Tuesday, October 28, 2014

Sainte Mere Eglise on our way out of Bayeux

Since Sainte Mere-Eglise was not on our tour yesterday, we decided to go there this morning as we leave Bayeux. It was a beautiful day and we found our way right to the main square.

"The town's main claim to fame is that it played a significant part in the World War II Normandy landings because this village stood right in the middle of route N13, which the Germans would have most likely used on any significant counterattack on the troops landing on Utah and Omaha Beaches. In the early morning of 6 June 1944 mixed units of the U.S. 82nd Airborne and U.S. 101st Airborne Divisions occupied the town in Operation Boston, giving it the claim to be one of the first towns liberated in the invasion".
The Museum right next to the square







The Glider
with crew


The Paratroopers
Last message from Ike before takeoff next to the C-47 that tows the gliders

Ladies in support of the war effort

The Church of Sainte-Mere-Eglise 
"A well-known incident involved paratrooper John Steele of the 505th PIR, whose parachute caught on the spire of the town church, and could only observe the fighting going on below. He hung there limply for two hours, pretending to be dead, before the Germans took him prisoner. Steele later escaped from the Germans and rejoined his division when US troops of the 3rd Battalion, 505 Parachute Infantry Regiment attacked the village, capturing thirty Germans and killing another eleven. The incident was portrayed in the movie The Longest Day by actor Red Buttons.

Today, these events are commemorated by the Airborne Forces Museum in Place du 6 June in the centre of Ste-Mère-Église and in the village church where a parachute with an effigy of Private Steele in his Airborne uniform hangs from the steeple. Bullet holes are still visible in the church's stone walls. Inside, there are stained glass windows, with one depicting the Virgin Mary with paratroopers falling in the foreground".
Efffigy of Pvt Steele in uniform hanging from the church spire by his parachute
The nave of the church
Private Steele

"Though injured, Private Steele survived his ordeal. He continued to visit the town throughout his life and was an honorary citizen of Ste. Mère Église. The tavern, Auberge John Steele adjacent to the square, maintains his memory through photos, letters and articles hung on its walls. Steele died of throat cancer on May 16, 1969 in Fayetteville, NC just three weeks short of the 25th anniversary of the D-Day invasion".

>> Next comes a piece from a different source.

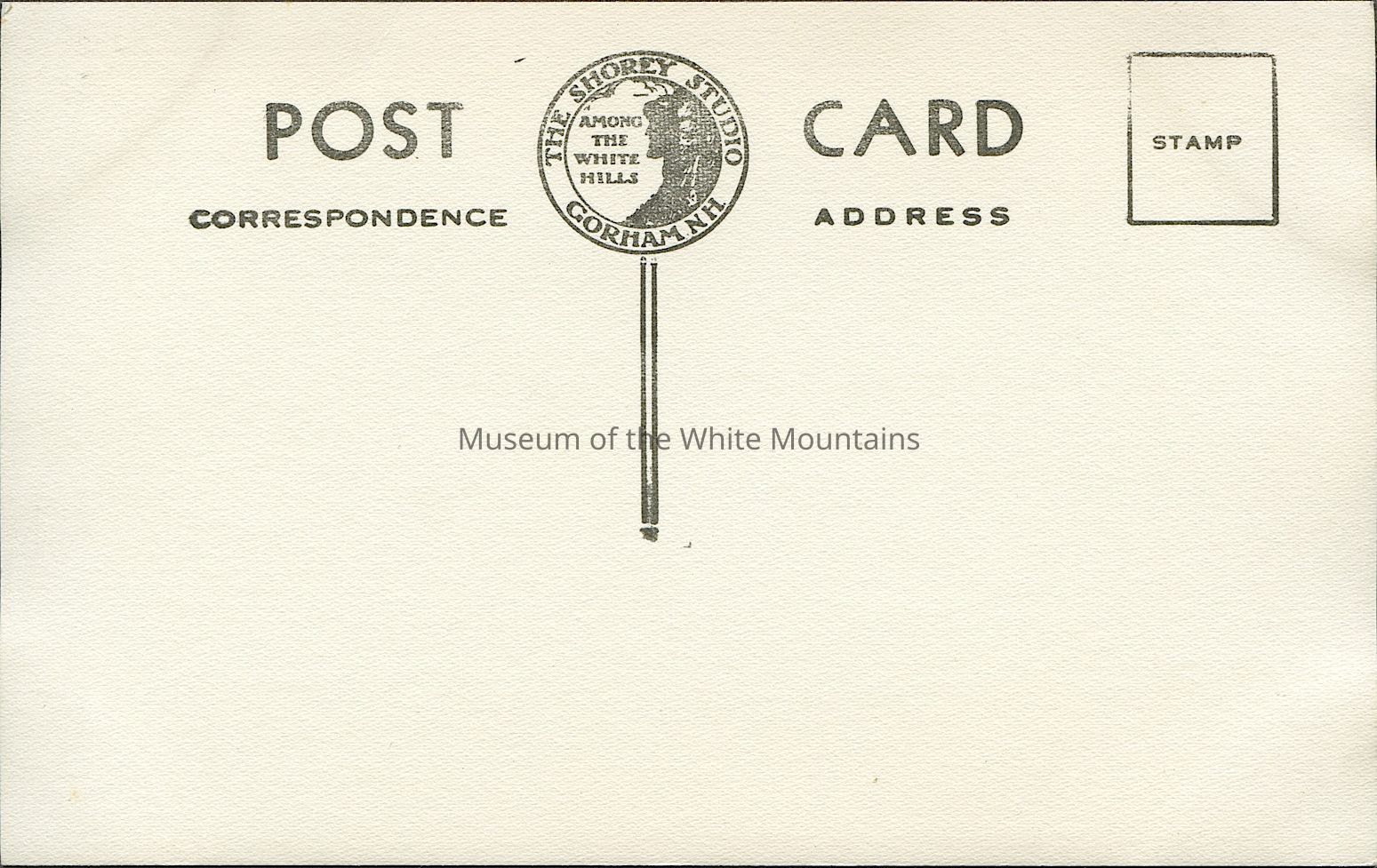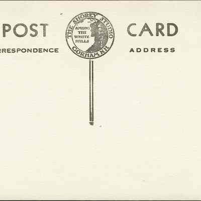 Back Description: Printed on back, “Post Card, correspondence, address, stamp.” Features logo with the Old Man on the Mountain which reads, “The Shorey Studio, Gorham NH, Among the White Hills.”Collection

After our tour around Sainte-Mere-Eglise, we headed out to our next accommodation at a resort near Rouen in the village of Connelles.

After checking in and getting settled we went into St. Pierre, another small village nearby for dinner.  The menu was not much to my liking as the picture portrays (that's my there is nothing on this menu I want to eat look); however, the restaurant was very cute and French farm house.